*** Opening Material provided ***
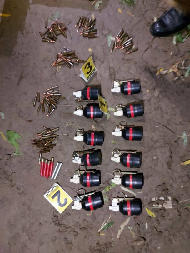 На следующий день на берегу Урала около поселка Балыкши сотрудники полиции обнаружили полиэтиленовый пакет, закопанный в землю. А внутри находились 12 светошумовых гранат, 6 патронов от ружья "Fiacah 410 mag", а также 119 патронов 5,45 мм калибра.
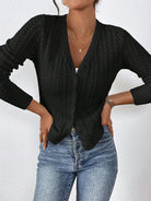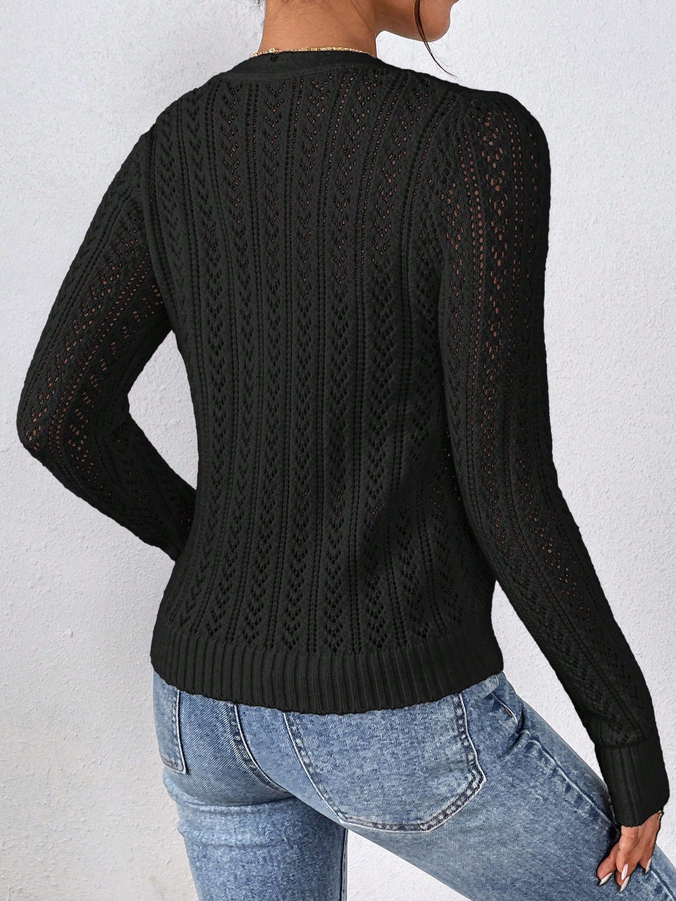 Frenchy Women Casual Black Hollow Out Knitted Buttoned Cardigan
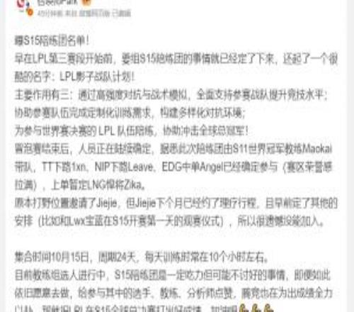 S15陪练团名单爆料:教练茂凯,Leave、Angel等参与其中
*** Closing Material provided ***
*** Opening Material provided ***
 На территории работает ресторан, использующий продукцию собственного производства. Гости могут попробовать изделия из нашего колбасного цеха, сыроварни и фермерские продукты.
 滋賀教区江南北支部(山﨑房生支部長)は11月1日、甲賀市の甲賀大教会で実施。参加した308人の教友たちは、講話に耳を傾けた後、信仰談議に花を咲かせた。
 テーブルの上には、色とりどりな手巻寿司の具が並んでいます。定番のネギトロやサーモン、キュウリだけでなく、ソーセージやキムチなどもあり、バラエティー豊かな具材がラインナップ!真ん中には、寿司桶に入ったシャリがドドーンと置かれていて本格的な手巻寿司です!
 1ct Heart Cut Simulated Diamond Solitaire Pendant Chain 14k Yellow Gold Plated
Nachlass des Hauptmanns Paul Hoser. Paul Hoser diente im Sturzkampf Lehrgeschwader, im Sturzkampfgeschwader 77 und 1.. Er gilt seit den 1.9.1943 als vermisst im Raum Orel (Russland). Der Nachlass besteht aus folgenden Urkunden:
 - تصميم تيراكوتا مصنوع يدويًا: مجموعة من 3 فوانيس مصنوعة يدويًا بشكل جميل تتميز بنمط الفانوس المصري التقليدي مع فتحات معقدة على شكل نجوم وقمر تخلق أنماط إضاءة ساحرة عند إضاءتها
*** Closing Material provided ***
*** Opening Material provided ***
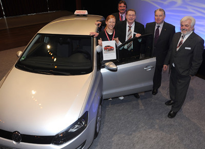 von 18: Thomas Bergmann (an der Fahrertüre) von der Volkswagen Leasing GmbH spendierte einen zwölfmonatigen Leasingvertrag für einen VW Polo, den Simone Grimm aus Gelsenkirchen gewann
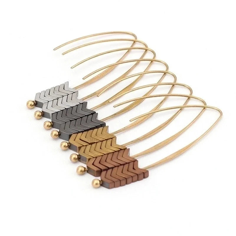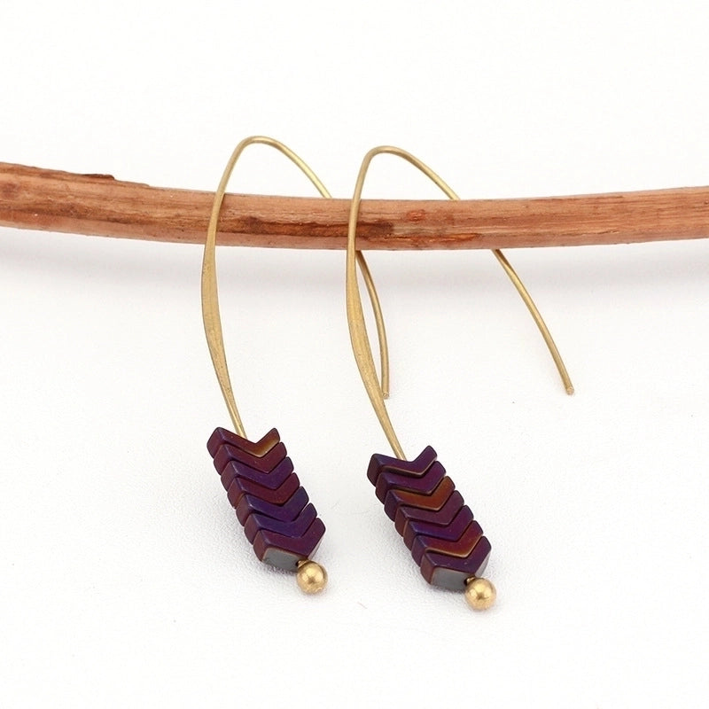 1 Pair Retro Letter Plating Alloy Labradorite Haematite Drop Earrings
*** Closing Material provided ***
### Instructions to follow:
From the material above, set down exactly the lines starting at the one with "テーブルの上には、色とりどり" and ending at the one with "1ct Heart Cut", end lines included.

### Solution for this exercise:
 テーブルの上には、色とりどりな手巻寿司の具が並んでいます。定番のネギトロやサーモン、キュウリだけでなく、ソーセージやキムチなどもあり、バラエティー豊かな具材がラインナップ!真ん中には、寿司桶に入ったシャリがドドーンと置かれていて本格的な手巻寿司です!
 1ct Heart Cut Simulated Diamond Solitaire Pendant Chain 14k Yellow Gold Plated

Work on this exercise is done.